• **What you should do**
Reproduce without any pictures the lines from the one that contains "1girlblue eyesblue hairbreastsgrabbing" through the end of the records, exactly as written.

• **Material to process**

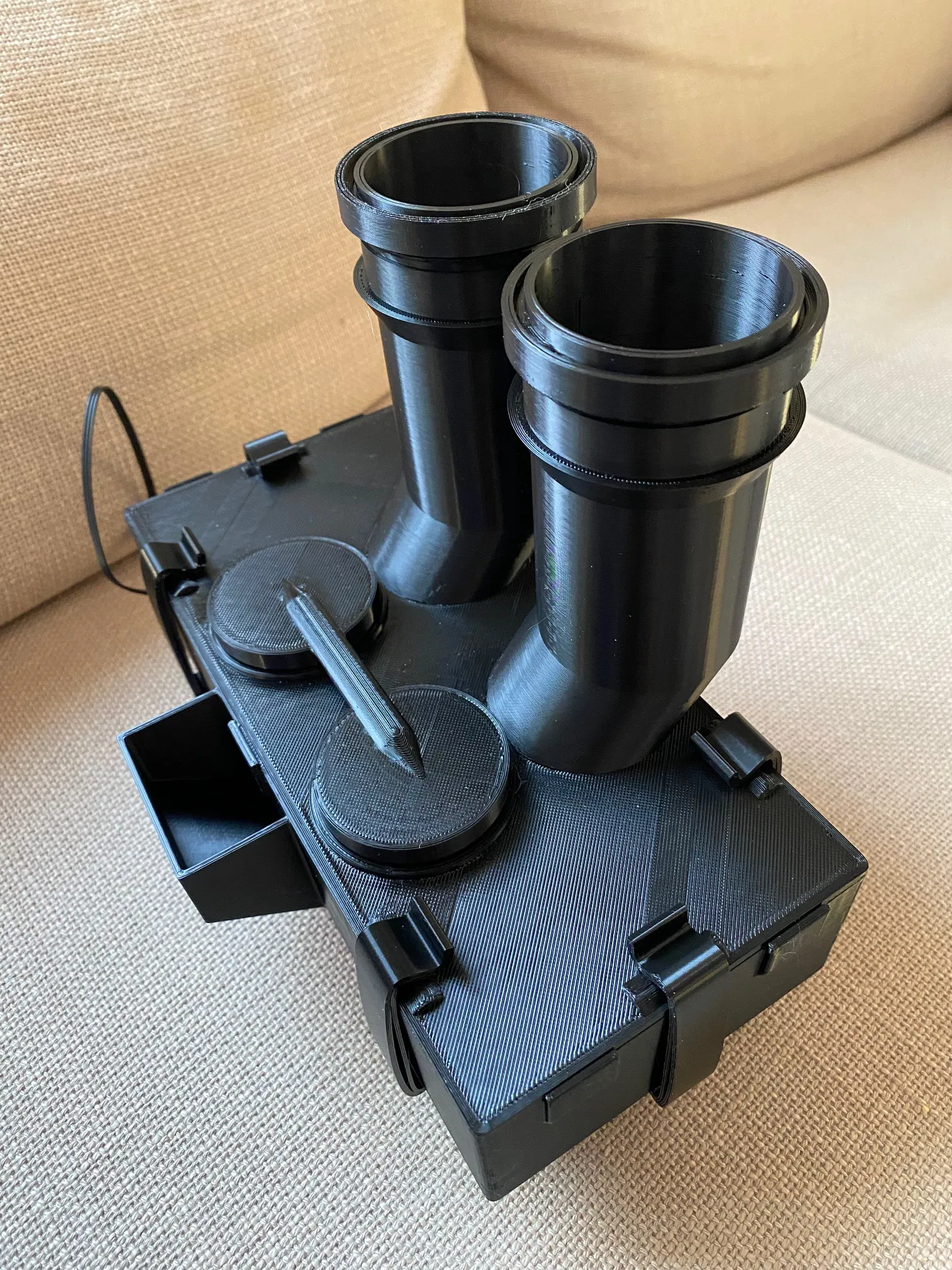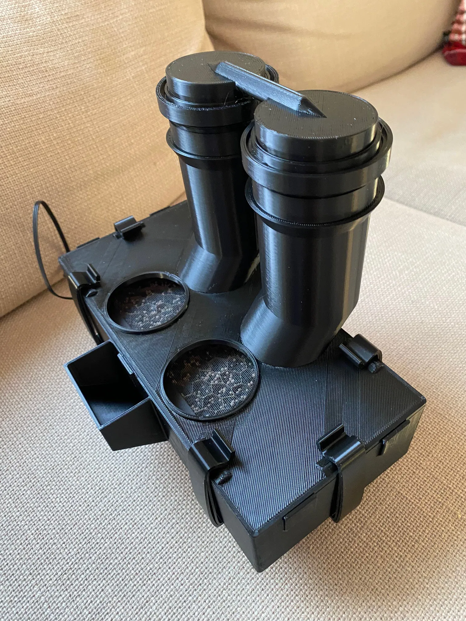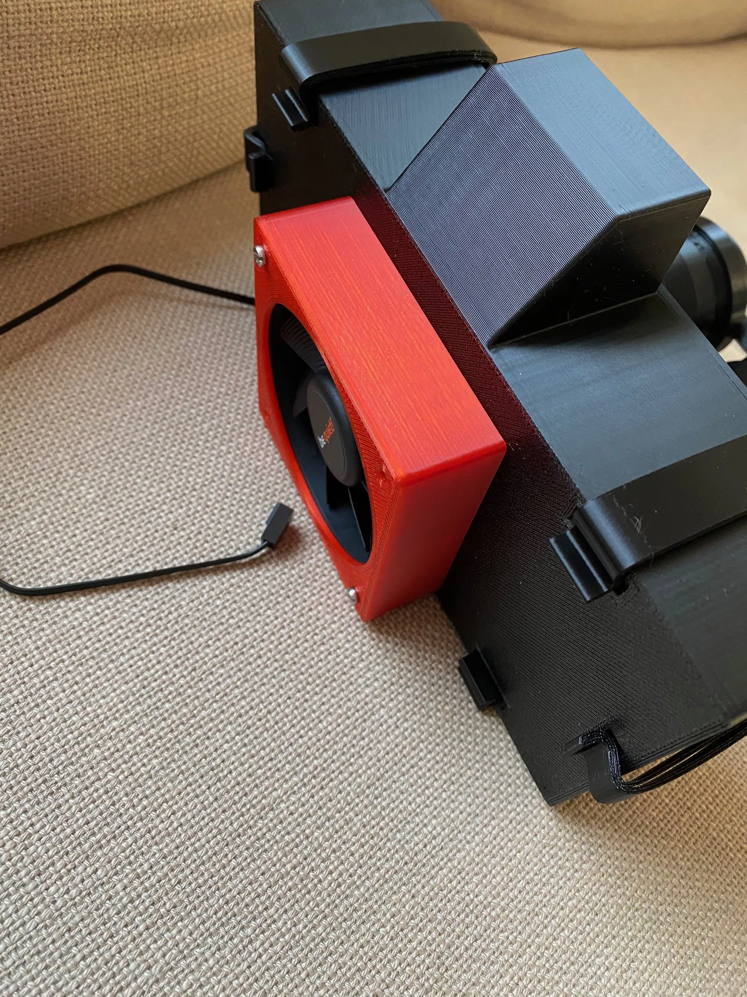 Có thể dùng với bất kỳ vỏ máy nào phù hợp bằng cách tạo các lỗ cần thiết, nhưng được thiết kế để lắp vào vỏ máy này: Tôi đã điều chỉnh các tấm trên của Amazon62 trong bản phối lại này để tạo lỗ thoát khí và gắn giá đỡ bộ lọc. Các tấm này không đi kèm với mẫu này và phải được tải xuống riêng. Giá đỡ bộ lọc sử dụng bộ lọc thay thế từ Qlima A45 (https://www.qlima.com/assortment/accessories/active-carbon-hepa-filter-qlima-a45-1-set-=-4-pcs/) Quạt 80mm vừa với các lỗ. Nắp quạt được làm cho quạt dày tiêu chuẩn 25mm. Nắp quạt không thực sự cần thiết cho chức năng, chỉ để trang trí. Có chỗ cho quạt dày hơn. Cần bốn vít M3x35 cho quạt (nếu dày 25mm). Việc chuyển từ tuần hoàn sang xả có thể được thực hiện bằng cách di chuyển các nút cắm từ lỗ bên ngoài sang lỗ bên trong. Phần dưới của giá đỡ có hai phiên bản, trong đó một phiên bản có túi đựng cảm biến cân bàn. Hai bộ phận cần in nhiều lần được gắn thẻ với số lượng cần thiết trong tên. Không cần hỗ trợ cho bất kỳ bộ phận nào, ngoại trừ nút cắm, phần giữa có thể cần hỗ trợ từ bàn in. Quạt nên có nắp che để tránh các sợi dây tóc bị cuốn vào quạt khi đầu in di chuyển lên sau khi in. In nắp quạt mới đòi hỏi lớp in đầu tiên tốt và tốc độ chậm cho vài lớp đầu, vì lưới có các bộ phận chỉ rộng 3mm. Để gắn bộ chuyển đổi buck / bộ chuyển đổi bước xuống 24v sang 12v, có thể sử dụng đầu nối PCB sau:
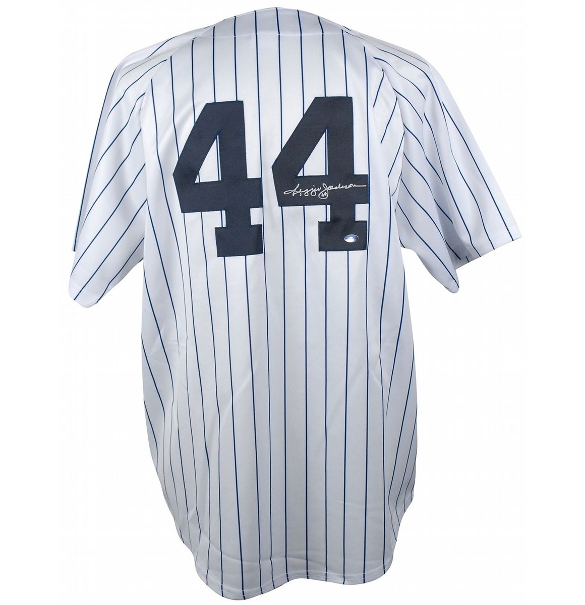 Official Majestic replica New York Yankees baseball jersey, with sewn on letters and numbers, signed in silver ink on the number on the back, “Reggie Jackson, 44.” In fine condition.
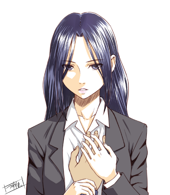 1girlblue eyesblue hairbreastsgrabbing another's breastgropingguided breast grabguiding handlong hairsmall breastssolo focus
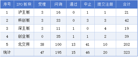 截至1月25日,IPO排队企业323家,其中沪主板排队企业21家,科创板排队企业42家,深主板排队企业19家,创业板排队企业39家,北交所排队企业202家。
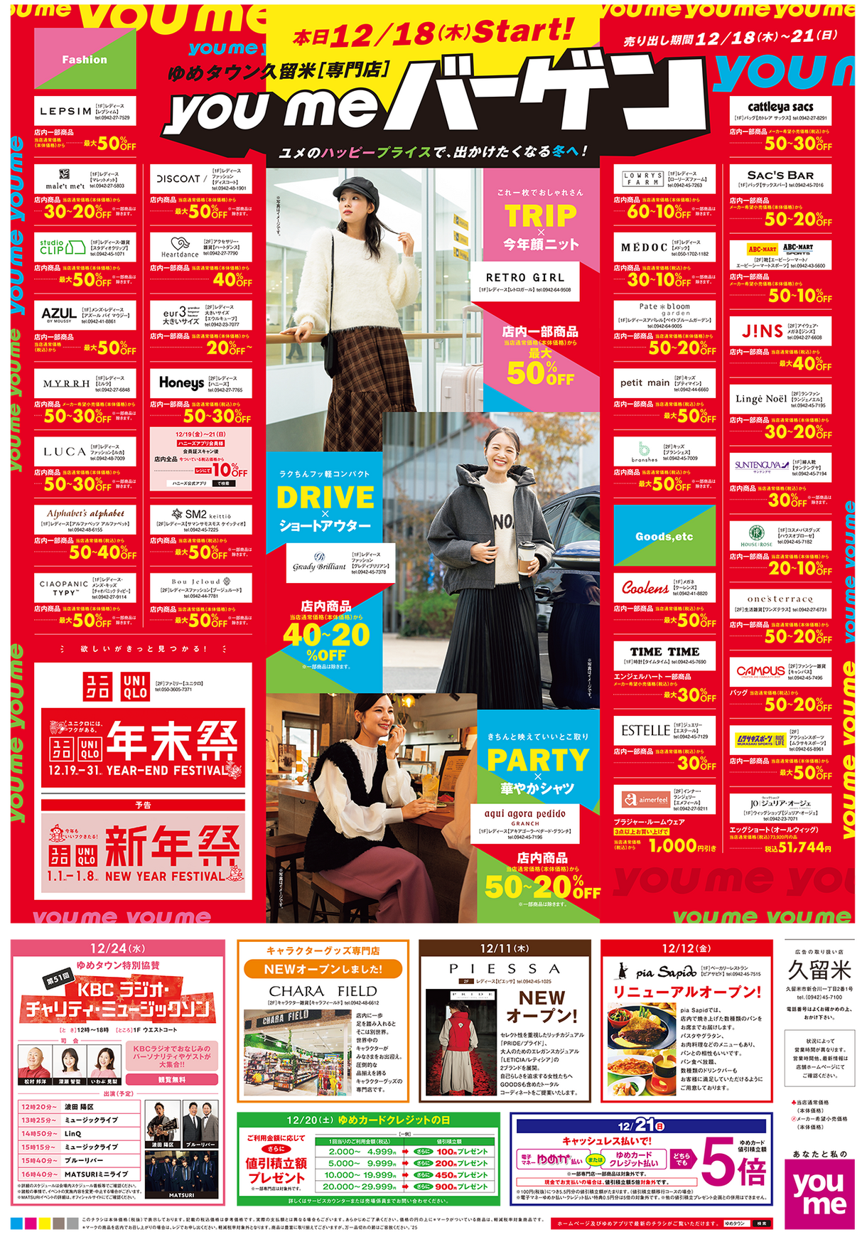 ゆめタウン久留米 イベント/キャンペーン 12/18(木)~21(日) ゆめタウン久留米 youmeバーゲン

• **Completed task**
 1girlblue eyesblue hairbreastsgrabbing another's breastgropingguided breast grabguiding handlong hairsmall breastssolo focus
 截至1月25日,IPO排队企业323家,其中沪主板排队企业21家,科创板排队企业42家,深主板排队企业19家,创业板排队企业39家,北交所排队企业202家。
 ゆめタウン久留米 イベント/キャンペーン 12/18(木)~21(日) ゆめタウン久留米 youmeバーゲン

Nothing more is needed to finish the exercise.